What to See During Your Trip to the Galapagos Islands
The Galapagos Archipelago contains 13 main islands, 6 islets, 133,000 square miles (51,352 square miles) of marine reserve and one of the largest rates of endemism in the world (not to mention a society-shaking history). This grouping of islands has become world renowned among biologists, geologists, scuba divers and tourists alike, but it can be hard to narrow these treasures down and figure out what, exactly, you want to see on your Galapagos vacation. What should you keep in mind when narrowing your options down?
Unique Flora and Fauna
It was the flora and fauna of the Galapagos Islands that first put the archipelago on the map, and they remain one of the key features of Galapagos tourism. Life that arrived to these isolated islands was forced to adapt and it did so over several millennia. Today, Galapagos marine iguanas are the only ocean-faring lizards in the world, and the flightless cormorant has, indeed, completely lost its ability to fly. Additionally, 80% of land birds and 97% of Galapagos reptiles are endemic to the Galapagos Islands. Merely strolling along park trails, guests can observe some of the most unique life on earth, but keep in mind that not every species can be seen on all of the islands. You will want to do a bit of research beforehand to determine which species are a must-see for you.
An excellent point to begin your Galapagos adventure is the Charles Darwin Research Station. Here, visitors are welcome to learn about Galapagos wildlife conservation efforts, as well as explore the Galapagos tortoise breeding center. However, for those interested in seeing giant tortoises in their natural habitat, the El Chato Tortoise Reserve is a beautiful location where, apart from tortoises, visitors can walk amongst sub-tropical plants and birds.
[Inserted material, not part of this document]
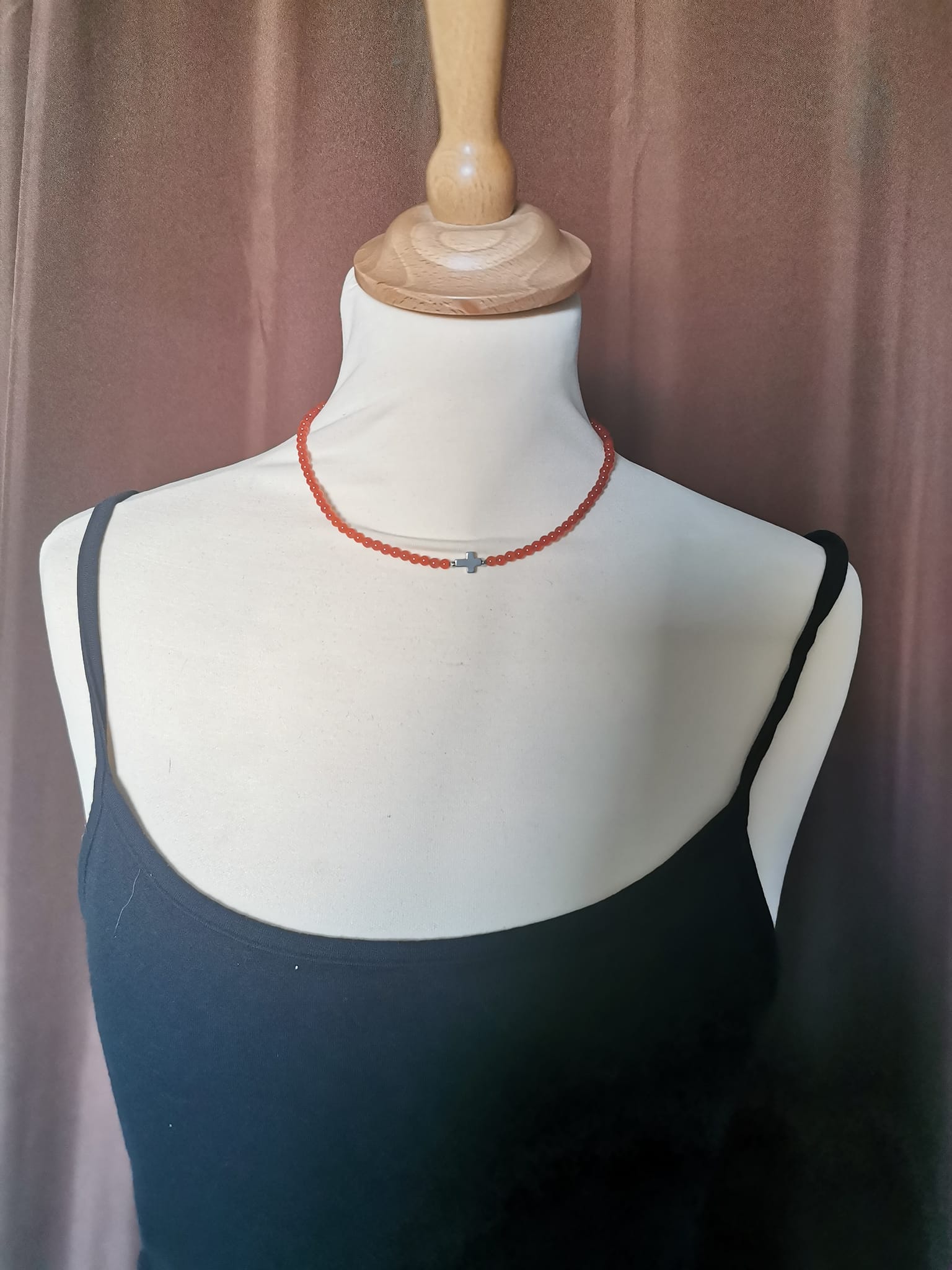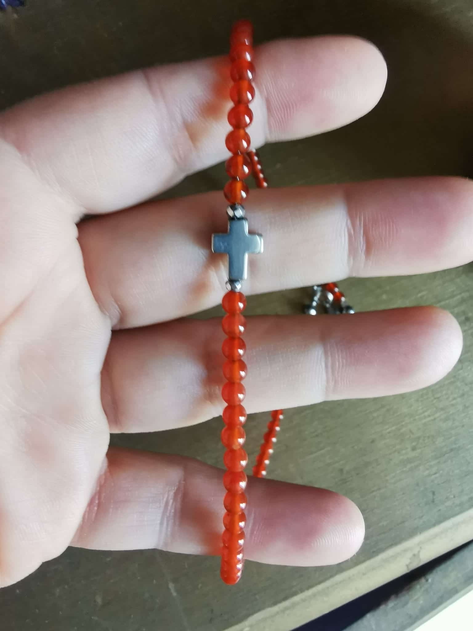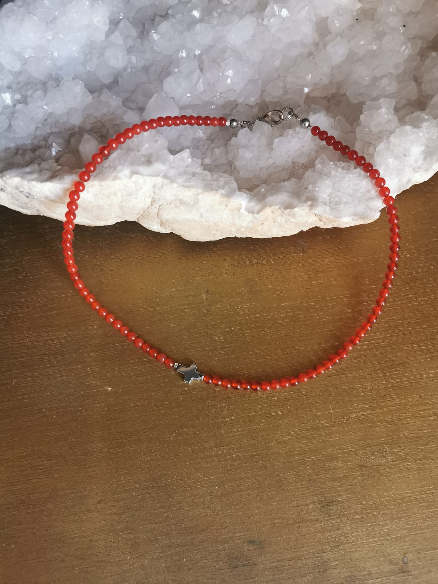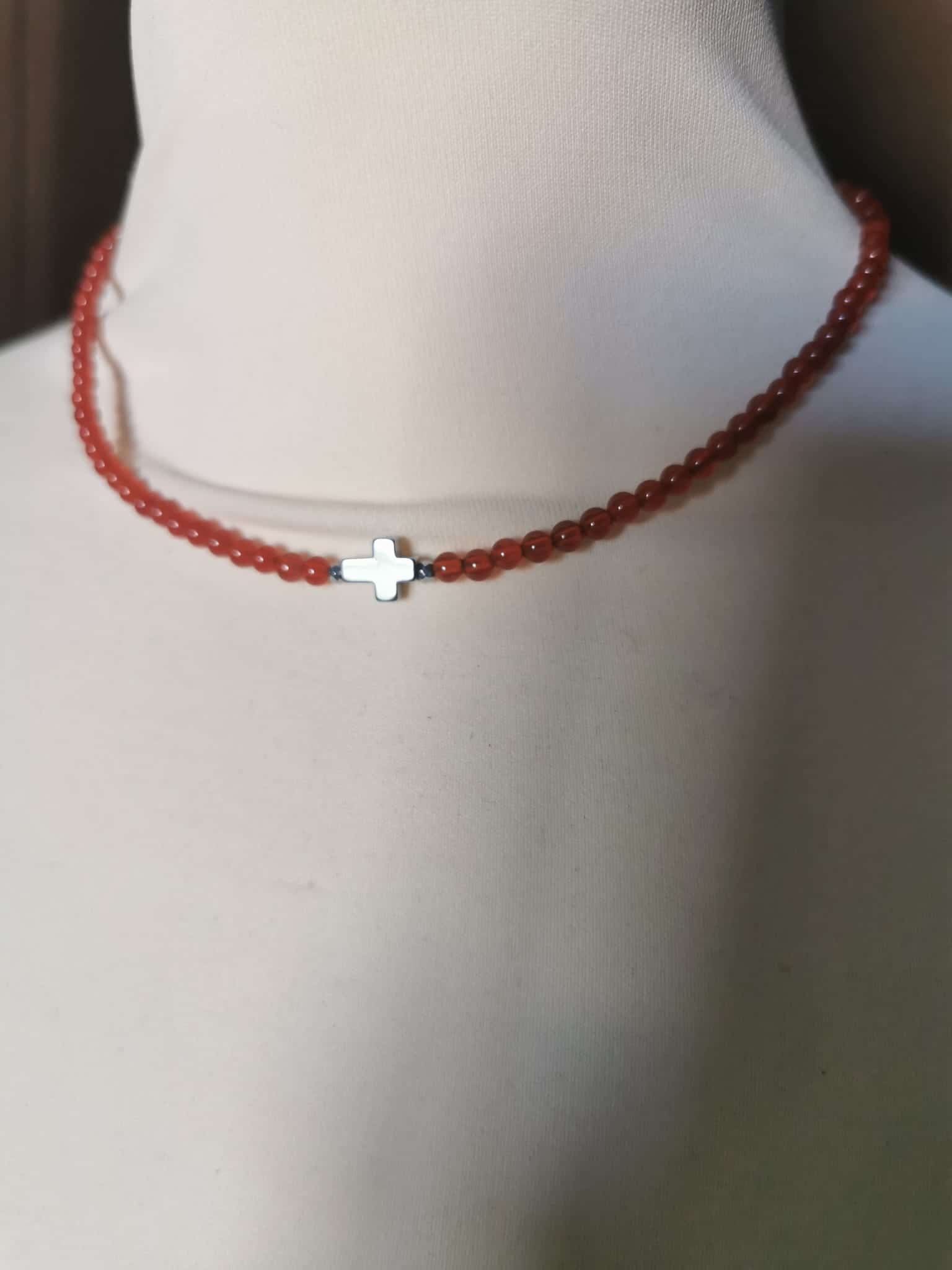 ❤️ Collier en Cornaline et sa croix en Hématite 💎
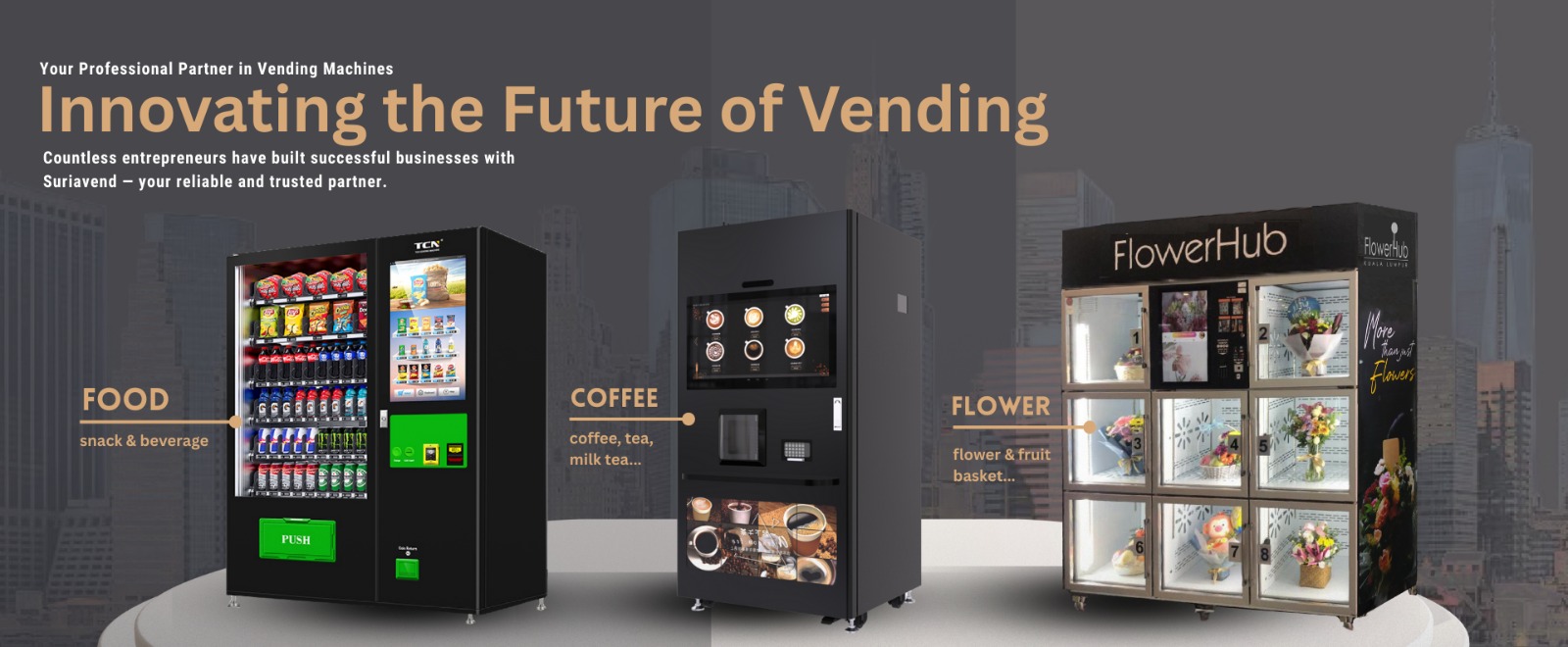 SuriaVend Technology is a leading innovator in the vending machine industry, built on years of hands-on experience and a strong commitment to efficiency, quality, and customer satisfaction. By implementing the 5S methodology and developing proprietary in-house software, we deliver optimized vending solutions tailored to our clients’ needs. Our dedicated sales and technical teams ensure responsive service, minimal downtime, and seamless restocking, supported by a comprehensive inventory of spare parts. As we expand internationally, our OEM brand reflects our drive for excellence and innovation—offering not just vending machines, but complete solutions to enhance operational success.

The Galapagos Islands make up one of the most volcanically active locations in the world, which has resulted in remarkably dramatic and beautiful landscapes. The Galapagos Islands are home to the second largest volcanic caldera in the world (Sierra Negra Volcano) as well as the world’s largest pit crater (Los Gemelos), and a series of fantastic lava tunnels and lava cones. Las Grietas pools have attracted particular fame for their beautiful emerald water, sourced from an underground spring. Formed from a fracture in the earth’s crust, Las Grietas measure 10 meters (33 feet) deep and 7 meters (23 feet) wide, yet the crystal-clear water allows swimmers’ gaze to follow the rocky walls all the way down to the white sandy bottom.
The Galapagos Marine Reserve is a popular attraction for many tourists around the world thanks its records in size, marine diversity and scuba diving. The Galapagos Islands sit at the point of convergence of three main ocean currents. The nutrients that collect around the islands thanks to these currents attract an enormous variety of marine life, resulting in the largest average fish biomass per hectare in the world, at 17.5 tons per hectare. This includes the largest shark biomass in the world, as well as giant sting rays, tropical fish, seahorses, penguins, octopuses, sea turtles and much more. As a result of this diversity, the Galapagos Islands offer unparalleled scuba diving opportunities.
Visitors can also enjoy glass-bottom boat rides and snorkeling, not to mention breathtakingly beautiful beaches. Gardner Bay, Tortuga Bay and Punta Pitt are just a few of the pristine, white-sand beaches in the Galapagos Islands.
The Galapagos Islands have developed world-wide fame for the stunning marine and land life they host, as well as their natural geologic beauty. However, each of the 13 islands is different in its own way, and it is important to research each island to determine which ones are right for you.